Maria Sara, designada como “a doutora”, “é uma pessoa moderna e despachada” (116), com objetivos bem definidos e inteligentes, que desempenha um papel de destaque como profissional qualificada, demonstrando a sua formação e a exigência relativa às funções laborais, assumindo pró-ativamente a responsabilidade de coordenar os revisores. Sendo impulsionadora de uma liderança transformacional, influencia o percurso de vida de Raimundo, impulsionando-o a adotar novos comportamentos e a repensar a visão que tinha de si mesmo, o que provoca o fortalecimento do seu capital humano. Tornando-se uma espécie de mentora confidente, Maria Sara potencia o desenvolvimento da autoestima, da coragem, da resiliência e da ousadia. Nesta travessia existencial, vai alterando o modus vivendi do revisor, fazendo nascer mele um autor empoderado da sua liberdade.
Maria Sara representa uma mulher emancipada que não se coaduna com a defesa da domesticidade feminina, mostrando a sua independência financeira. Assim, realiza-se como pessoa, manifesta os próprios sentimentos e toma decisões consentâneas com os seus desejos.
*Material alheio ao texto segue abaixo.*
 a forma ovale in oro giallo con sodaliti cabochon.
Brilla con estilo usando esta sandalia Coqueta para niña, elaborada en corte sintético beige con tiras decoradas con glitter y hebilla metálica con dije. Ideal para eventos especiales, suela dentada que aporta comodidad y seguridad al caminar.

A sua sabedoria permite-lhe ocupar uma posição importante não só como detentora de uma carreira de sucesso, enquanto superiora hierárquica, mas também potenciando a aventura existencial e emocional de Raimundo, com o qual vive um relacionamento amoroso genuíno e transfigurador. Trata-se de uma personagem que assume o protagonismo e as rédeas da sua vida a todos os níveis, incitando reflexões sobre o papel da mulher na modernidade, “quer no que se refere ao contexto histórico-social quer no que se refere ao relevo que desempenhará na (in)formação e desenvolvimento afetivo, moral e ideológico do universo masculino” (Arnaut, 2007:3), sendo retratada como alguém multifacetado que não sente qualquer tipo de inferiorização em relação ao homem.
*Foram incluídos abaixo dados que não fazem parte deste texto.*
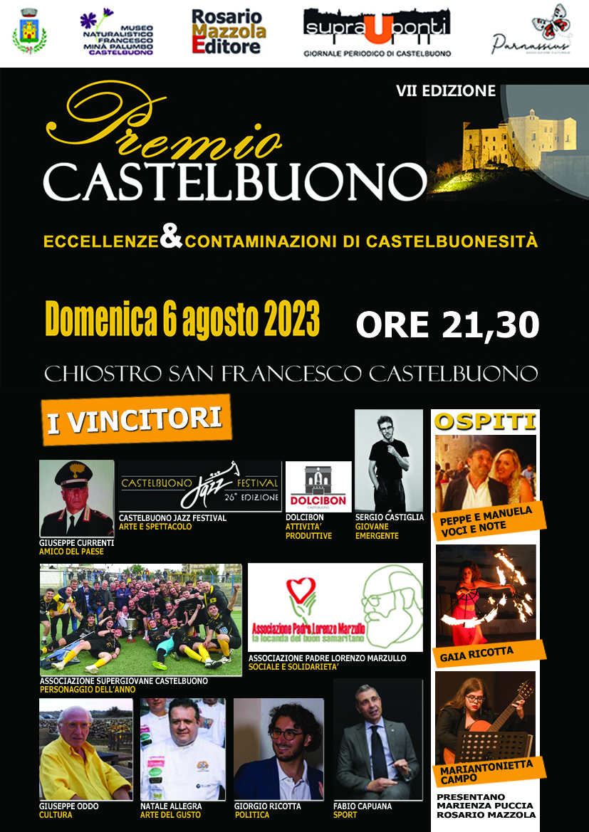 E’ già nell’aria l’ouverture della settima edizione del “Premio Castelbuono – eccellenze e contaminazioni di castelbuonesità”. Le note di apertura dell’evento organizzato dal periodico Suprauponti, il giornale di Castelbuono e oltre, e dall’associazione culturale Parnassius cominciano a farsi sentire per scandire il via in programma domenica 6 agosto alle ore 21,30 nella splendida location del seicentesco Chiostro San Francesco.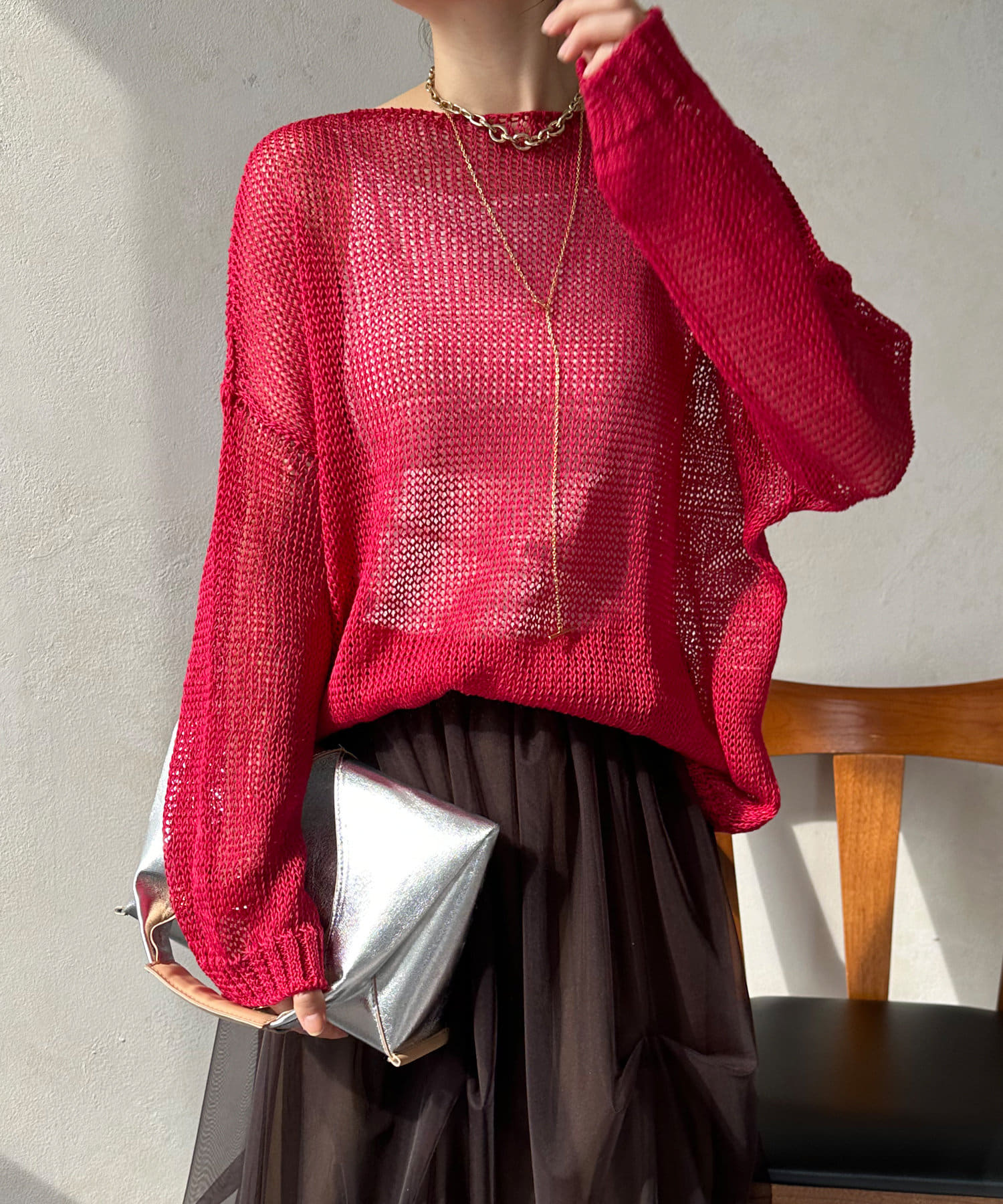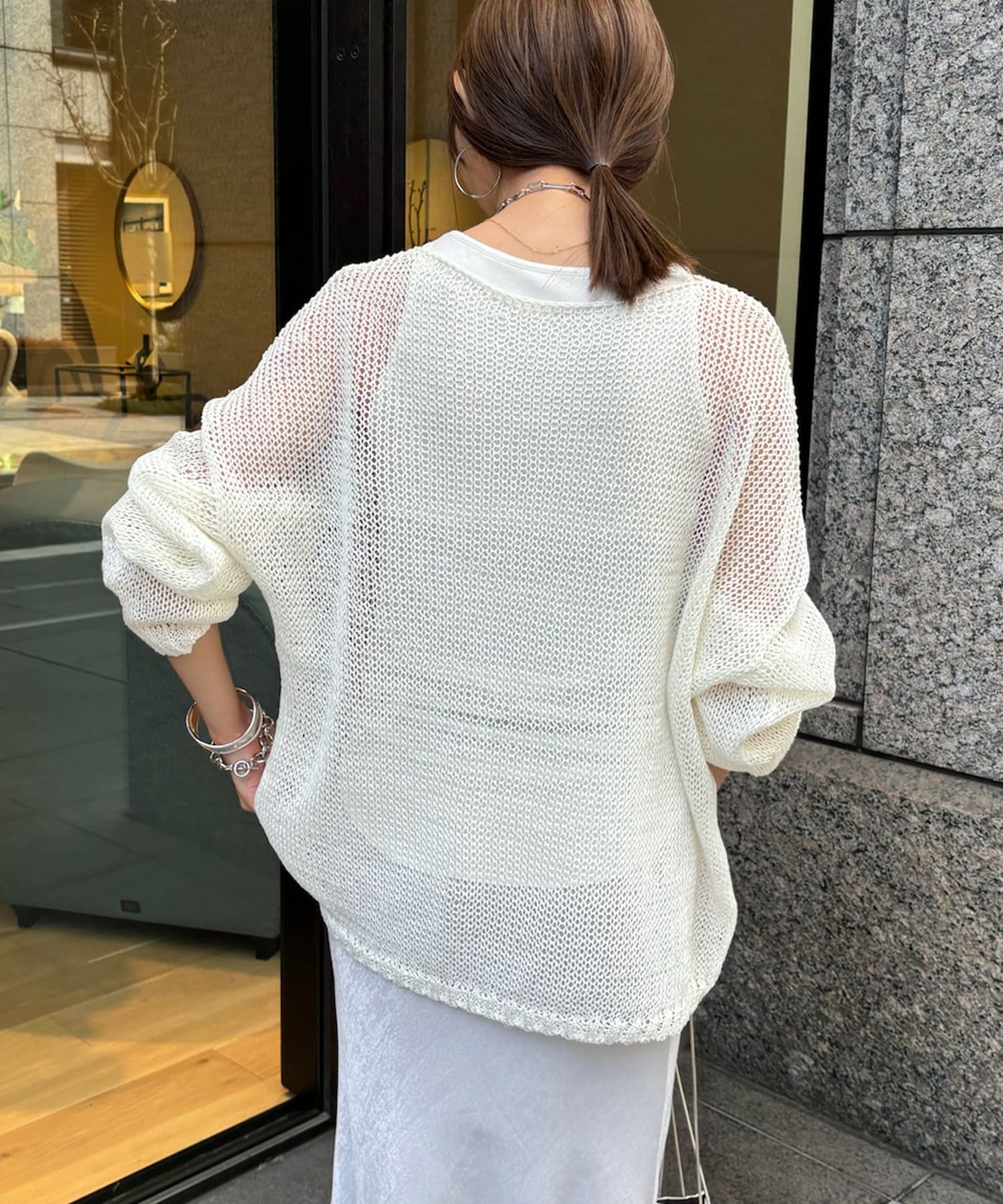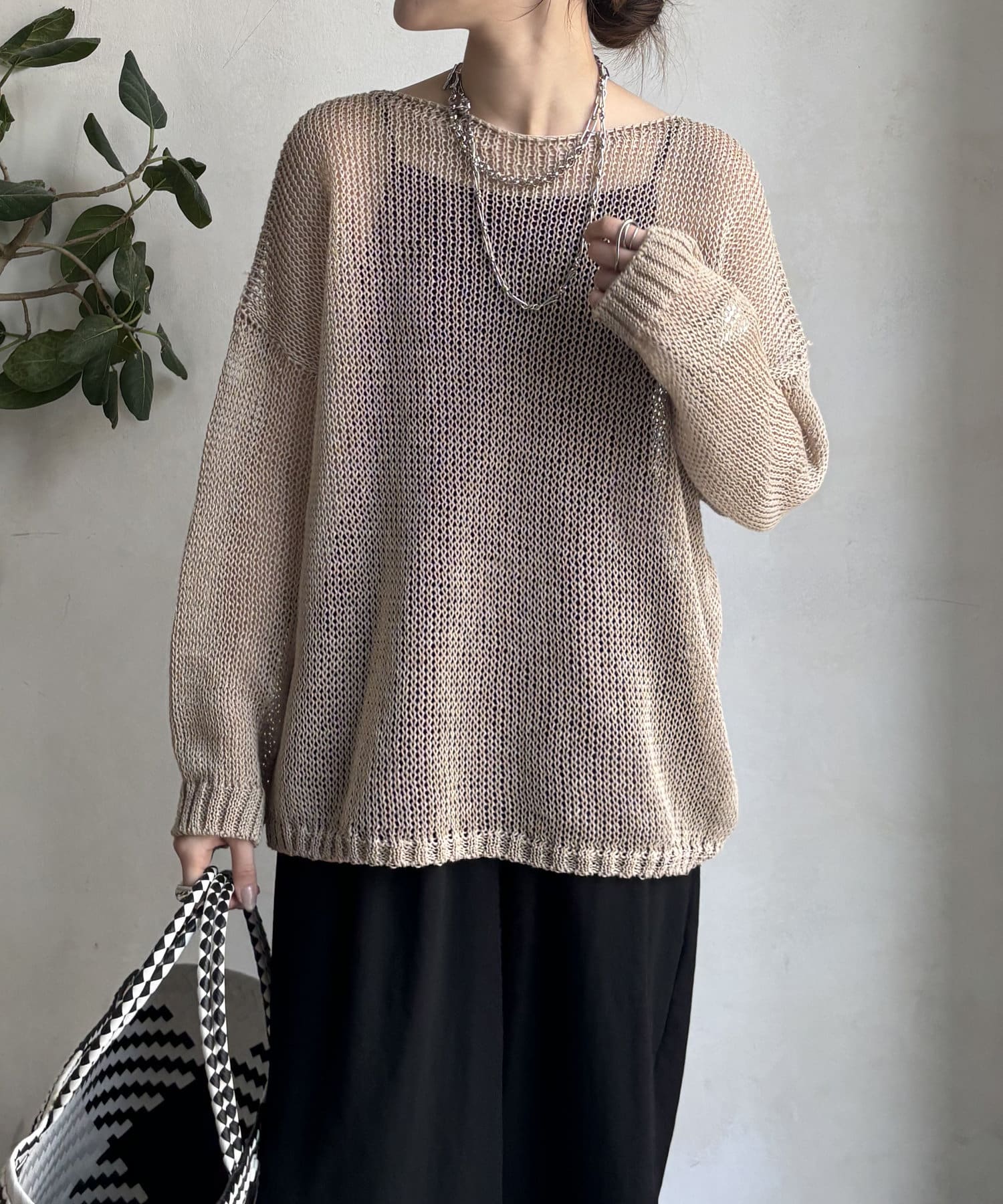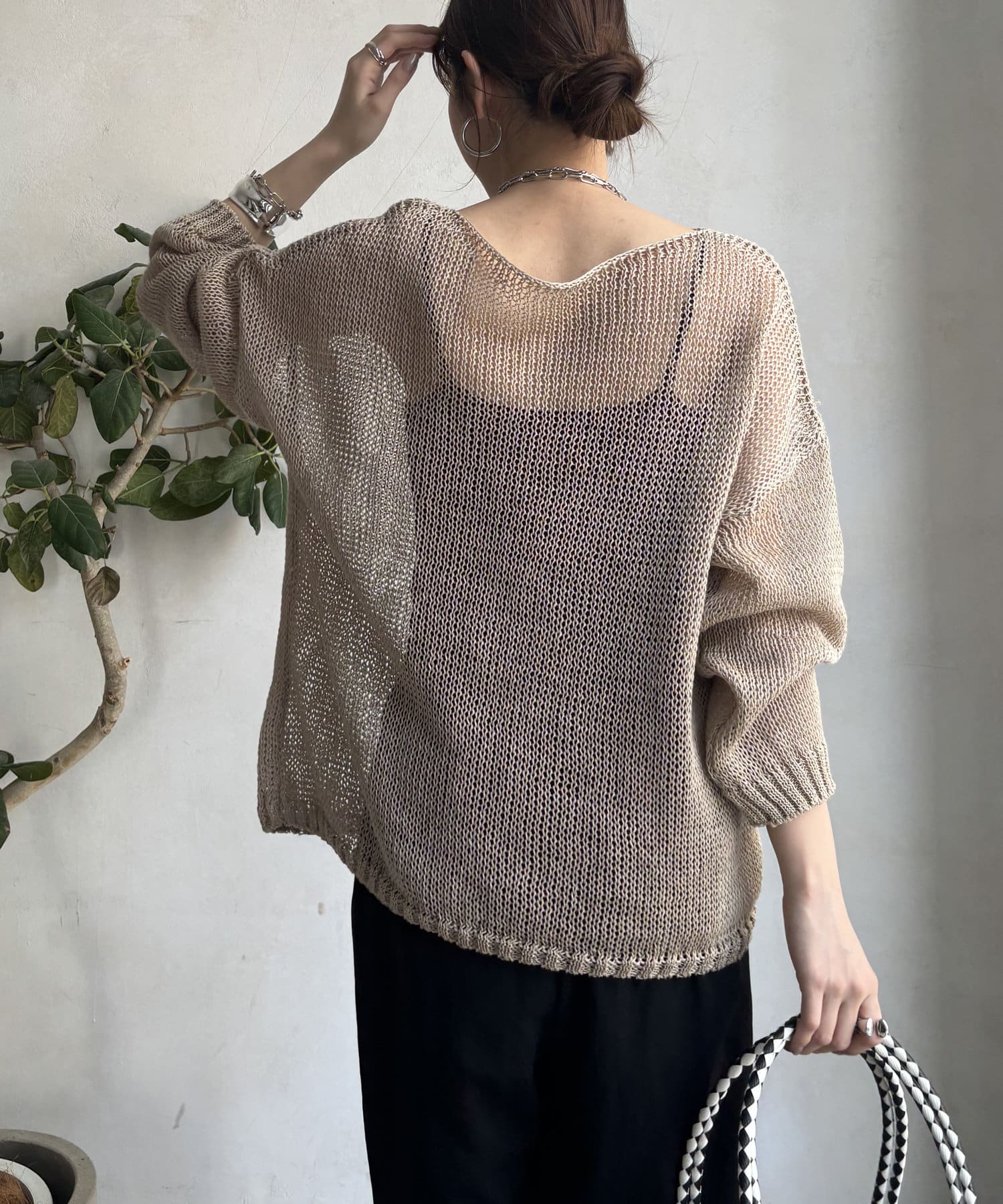【真夏にも着られる!】メッシュルーズニット

Curiosamente, torna-se visível a complexidade da figura quando revela que “as pessoas de livro são personagens” (273), dada a sua autonomia, “um tema que não implica apenas o seu trajeto como figura ficcional, mas também o diálogo por ela estabelecido com o autor” (Reis e Grünhagen, 2023: 102). Esta revela-se como “porta-voz autoral” (Reis e Grünhagen, 2023: 103), incentivando Raimundo no processo artístico, designadamente na escrita de um romance.
Pela sua natureza, Maria Sara afigura-se inspiradora em muitos momentos ao longo da diegese. Ela encerra em si um vigor para a valorização dos relacionamentos, sem hierarquizações injustas nem limitações psíquicas ou físicas da conduta feminina, sendo dona da sua sexualidade sem repressões convencionais ou hipocrisias e quebrando tabus em relação ao amor. Apresenta, assim, uma capacidade extraordinária de mudar o mundo dos que têm a sorte de privar com ela. Ao desenvolver a sua própria individualidade e afetividade, Maria Sara entra no universo masculino, para revitalizar animicamente Raimundo.
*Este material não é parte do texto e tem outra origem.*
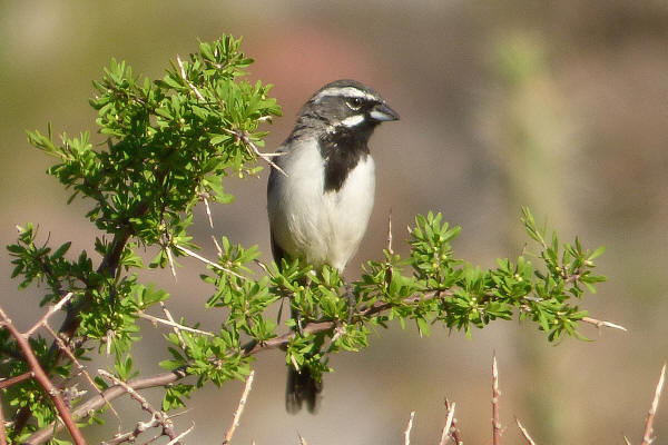 Black-throated Sparrow (Amphispiza bilineata) What a distinctive face painting this classy looking bird has going on. I love the subdued coloration, made up of nothing more than gray, black and white. That is quite a classic look, like a serious business suit. This sparrow is a member of the Songbird group of over 4600 birds across the globe. Some have just one song, while others have more. Of this group, the Thrasher is the king with over 2000 different songs! The singing of a bird is so different from the way a human sings. The produced tones are so pure and melodic, and executed with such precision. What a beautiful meditation possibility such an encounter presents, to simply stand or sit with your eyes closed, and be carried away by these magnificently performed songs, like a beautiful dance for our sense of hearing. Such a meditation can be especially dynamic when a songbird like the Mockingbird or the Thrasher let loose, with their hefty repertoire.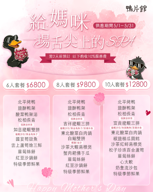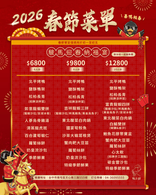 片皮烤鴨、醬爆鴨架、鹽酥鴨架、三杯鴨架、酸菜鴨架湯、銀芽炒鴨肉絲、生菜鴨鬆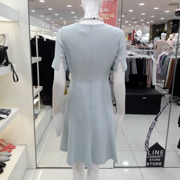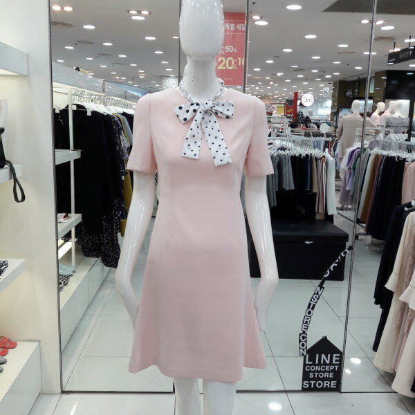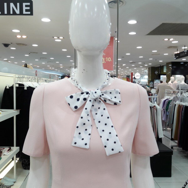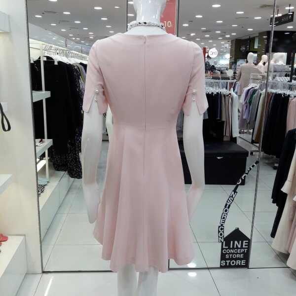 18년 여름 신상 가격인하된 도트무늬의 목걸이와 셋트인 러블리한 원피스입니다 소매 진주장식이 포인트로 단아한 느낌의 여성스러운 스타일입니다 하객룩 모임룩으로 추천합니다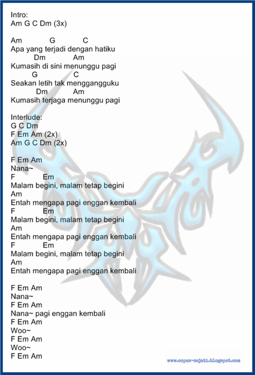 Segala daya em d am untuk mewujudkan keinginanmu g d em d tapi terjegal. Em d f g am em d f g apa yang terjadi dengan hatiku am em ku masih di sini menunggu pagi d f g seakan letih tak menggangguku am em ku masih.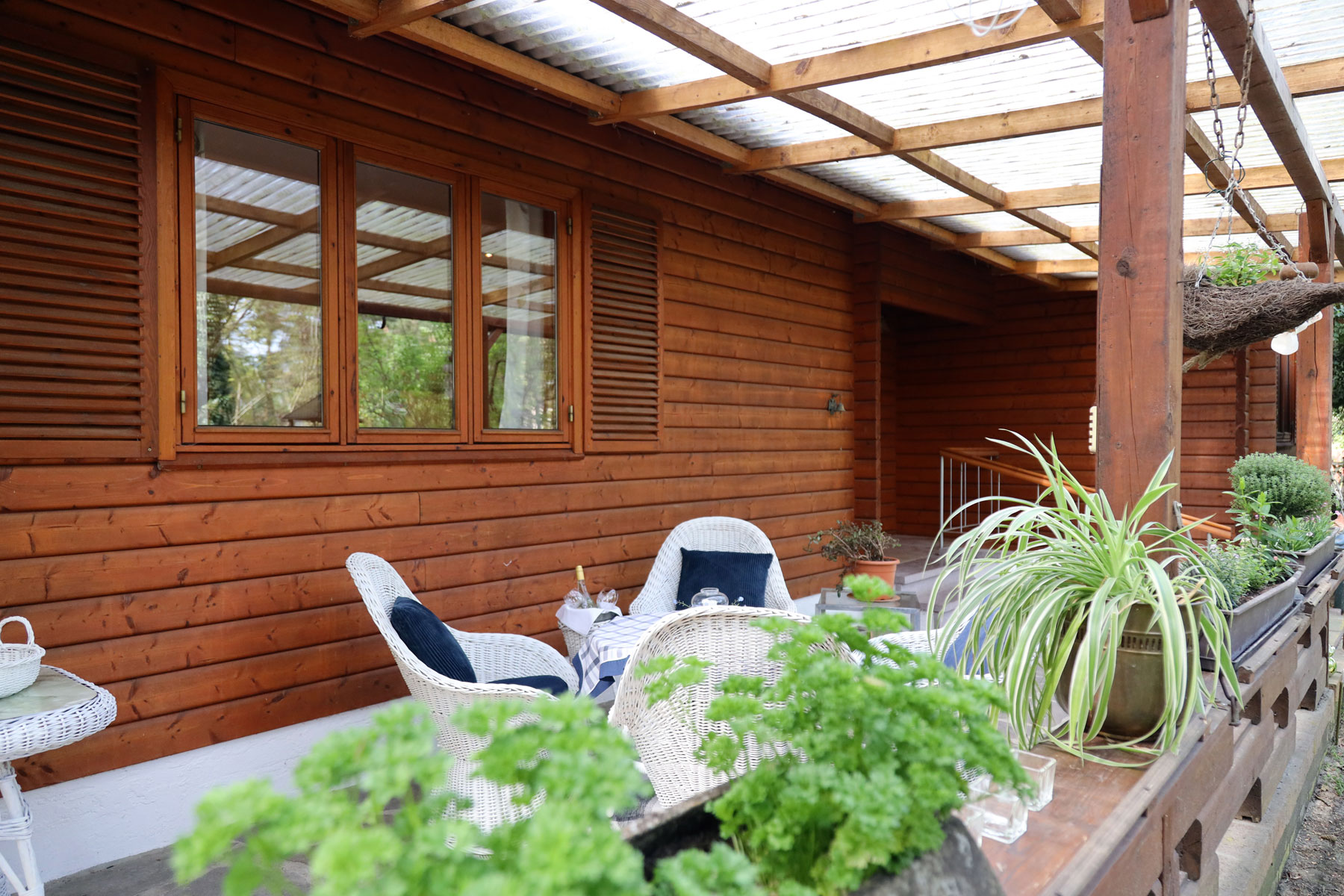 Die Terrasse mit komfortablen Gartenmöbeln lädt zum Relaxen an der frischen Luft geradezu ein.

Em 2017, o romance História do Cerco de Lisboa deu lugar uma peça de teatro, adaptação de José Gabriel Antuñano e encenação de Ignacio Garcia, uma coprodução ACTA - A Companhia de Teatro do Algarve, Companhia de Teatro de Almada, Companhia de Teatro de Braga e Teatro dos Aloés. Além disso, em 2022, a figura feminina esteve representada na exposição de serigrafias e gravuras inéditas de artistas portugueses, «Mulheres Saramaguianas», integrada no programa oficial do Centenário de José Saramago.
Referências
ARNAUT, Ana Paula. "José Saramago: a literatura do desassossego". Acesso em: 05 de maio 2024. Disponível em: www.ufs.ac.jp/Brazil/03docentes/Arnaut.pdf .
GÓMEZ AGUILERA, Fernando (2010). José Saramago nas suas palavras. Alfragide: Caminho.
REIS, Carlos e Sara GRÜNHAGEN (2023). O essencial sobre José Saramago. Lisboa: Imprensa Nacional.
SARAMAGO, José (2014). História do Cerco de Lisboa. 11.ª ed., Porto: Porto Editora.